BRASIL AMPLIA ENQUADRAMENTO DE CRIMES MOTIVADOS POR MISOGINIA NO ORDENAMENTO JURÍDICO

BRASIL AMPLIA ENQUADRAMENTO DE CRIMES MOTIVADOS POR MISOGINIA NO ORDENAMENTO JURÍDICO

O combate à misoginia — entendida como discriminação, hostilidade ou violência direcionada a mulheres — vem ganhando espaço no debate jurídico brasileiro, embora não exista uma legislação única com essa denominação específica.

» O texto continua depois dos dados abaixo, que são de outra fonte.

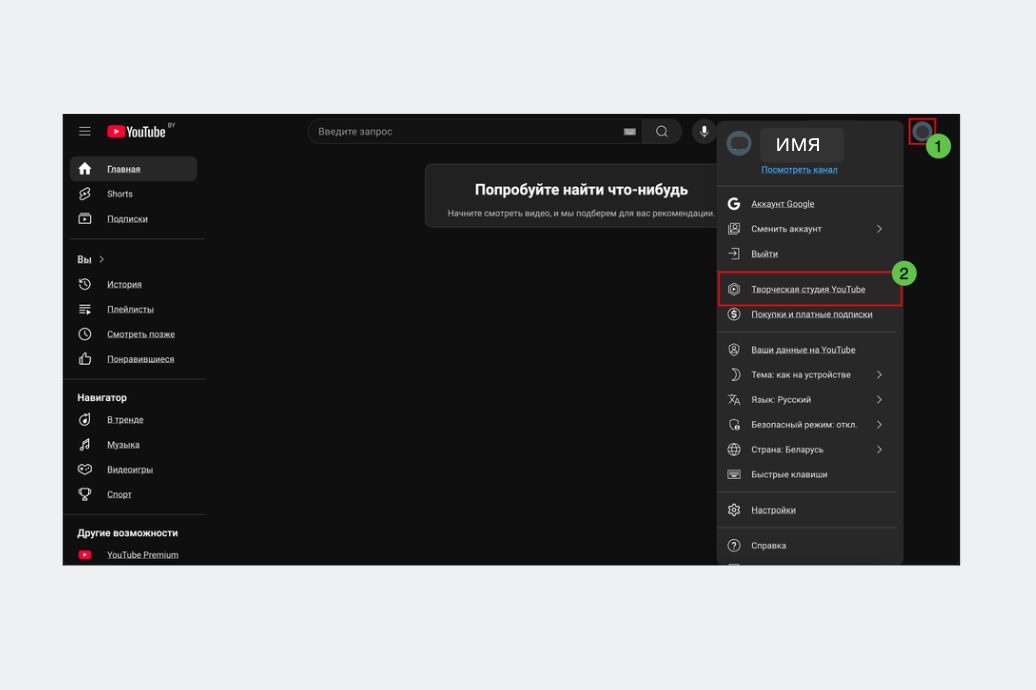 - Откройте https://youtube.com под созданным Google-аккаунтом.
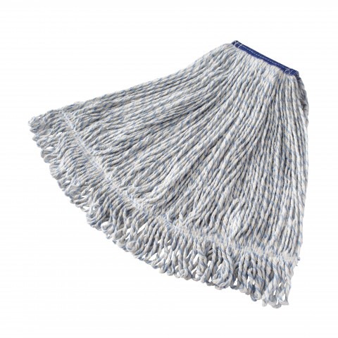 Super Stitch® Finish Mop Head, large, 4-ply yarn, 1" headband, looped end, for applying chemicals, white with blue stripes, Made in USA
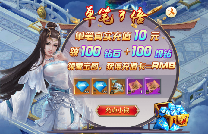 活动内容:充值获得3倍钻石返利+额外道具
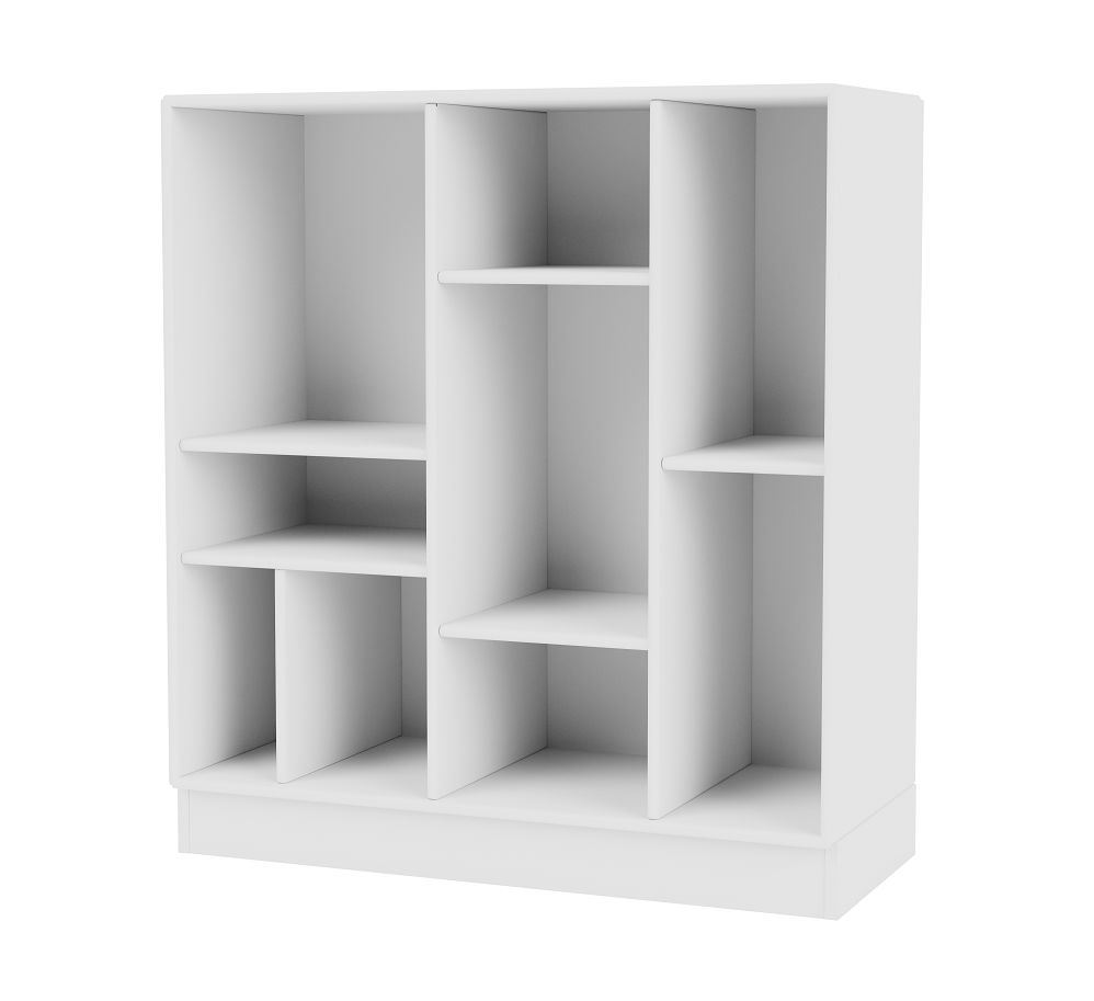 Skøn reol med ben fra Montana. Denne reol har ni åbne rum i varierende størrelser, hvilket gør den til en yderst alsidig opbevaringsløsning til eksempelvis stuen. Brug den til at opbevare bøger, vaser, planter og andre dekorative ting og sager, som pynter i indretningen. På børneværelset er den fine reol perfekt til at rumme eksempelvis tøjdyr, farveblyanter og børnenes kreationer. Afhængigt af monteringsløsningen på reolen kan tingene enten pynte i en sikker højde, således at reolens indhold er uden for børns rækkevidde, eller reolen kan monteres lavt, således at tingene er let tilgængelige for barnet. Med Montanas modulsystem er mulighederne mange, og der er derfor rig mulighed for at sætte sit personlige præg på sit opbevaringsmøbel gennem farvevalg og utallige kombinationsmuligheder.
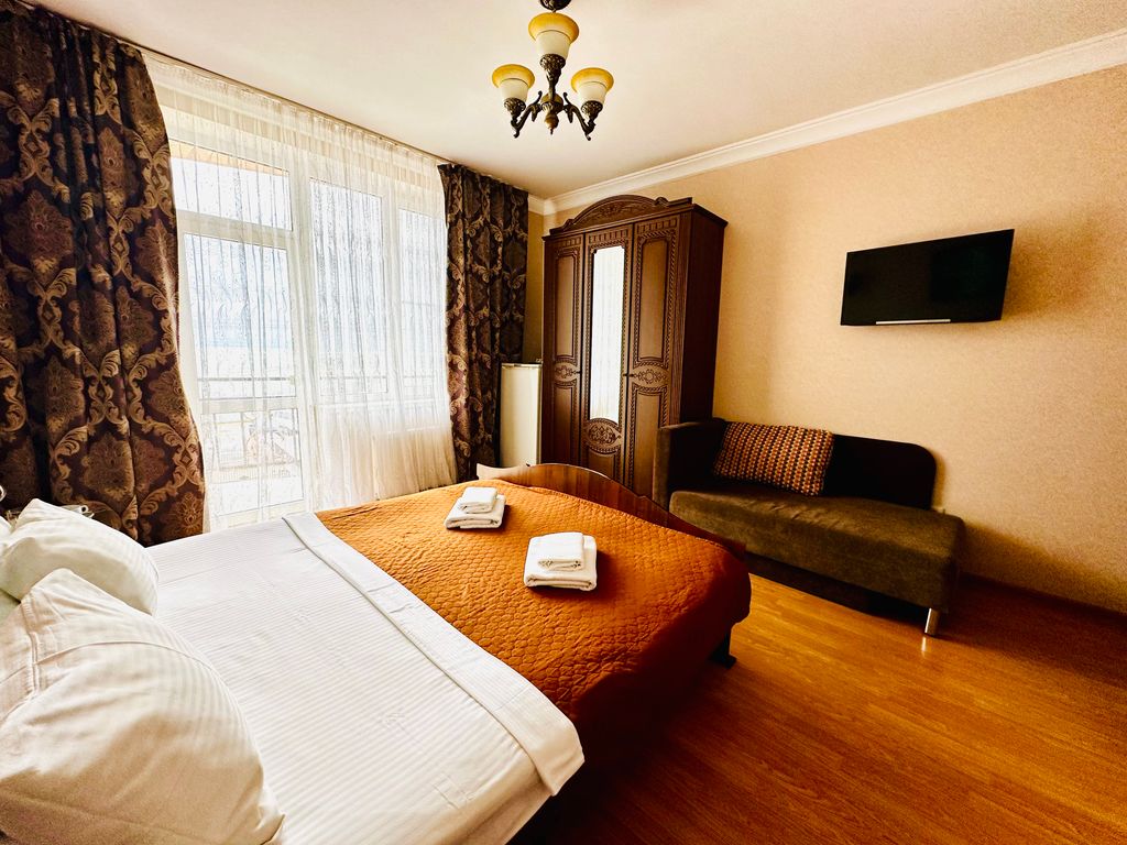 Гостевой дом «Эльбрус» — ваш идеальный отдых на берегу моря! Главное преимущество: Всего 1 минута пешком до пляжа с потрясающим видом на море и горы! Ваш личный уголок: На балконе каждого номера есть стол и стулья (номера на 1 этаже в основном корпусе и номера-студии во 2 корпусе без балконов!!!), чтобы вы могли наслаждаться природой с максимальным комфортом. Идеальное расположение: рядом продуктовые магазины и уютные кафе, остановки общественного транспорта в 10 минутах ходьбы, железнодорожная станция в 20 минутах пешком. Отсюда легко добраться до центра Сочи, Адлера, Абхазии и Красной Поляны. Отдых и развлечения — в шаговой доступности: в 15 минутах ходьбы вас ждёт Курортный городок с прогулочной зоной, Аквапарком "Капитан Пират", Океанариумом, Дельфинарием, кафе, магазинами и развлечениями для детей. В каждом стандартном номере: - душ/ванна и санузел, - двуспальная или односпальные кровати - шкаф для одежды - прикроватные тумбы - холодильник - телевизор - набор посуды -

Na prática, condutas classificadas como misóginas são enquadradas em diferentes dispositivos legais já em vigor. Entre eles, estão normas que tratam de violência doméstica, crimes contra a honra, ameaças, lesões corporais e, nos casos mais graves, o feminicídio.

A legislação brasileira passou a incorporar, ao longo dos anos, mecanismos para punir atos motivados por gênero. O avanço mais significativo ocorreu com a tipificação do feminicídio, que considera o assassinato de mulheres em razão de sua condição como circunstância qualificadora do crime.

Além disso, decisões judiciais têm reconhecido a misoginia como fator agravante em determinadas situações, especialmente quando há demonstração de desprezo ou violência baseada no gênero da vítima.

Especialistas apontam que o país segue um modelo semelhante ao de outras democracias, em que o enfrentamento à discriminação ocorre de forma transversal, por meio de diferentes leis, e não por uma norma única.

O tema, no entanto, continua em discussão no Congresso Nacional, onde tramitam propostas que buscam tipificar de maneira mais direta condutas misóginas, com o objetivo de dar maior clareza jurídica e ampliar a proteção às mulheres.

Enquanto isso, o entendimento predominante é de que a misoginia já é passível de punição no Brasil, desde que vinculada a práticas previstas na legislação penal vigente.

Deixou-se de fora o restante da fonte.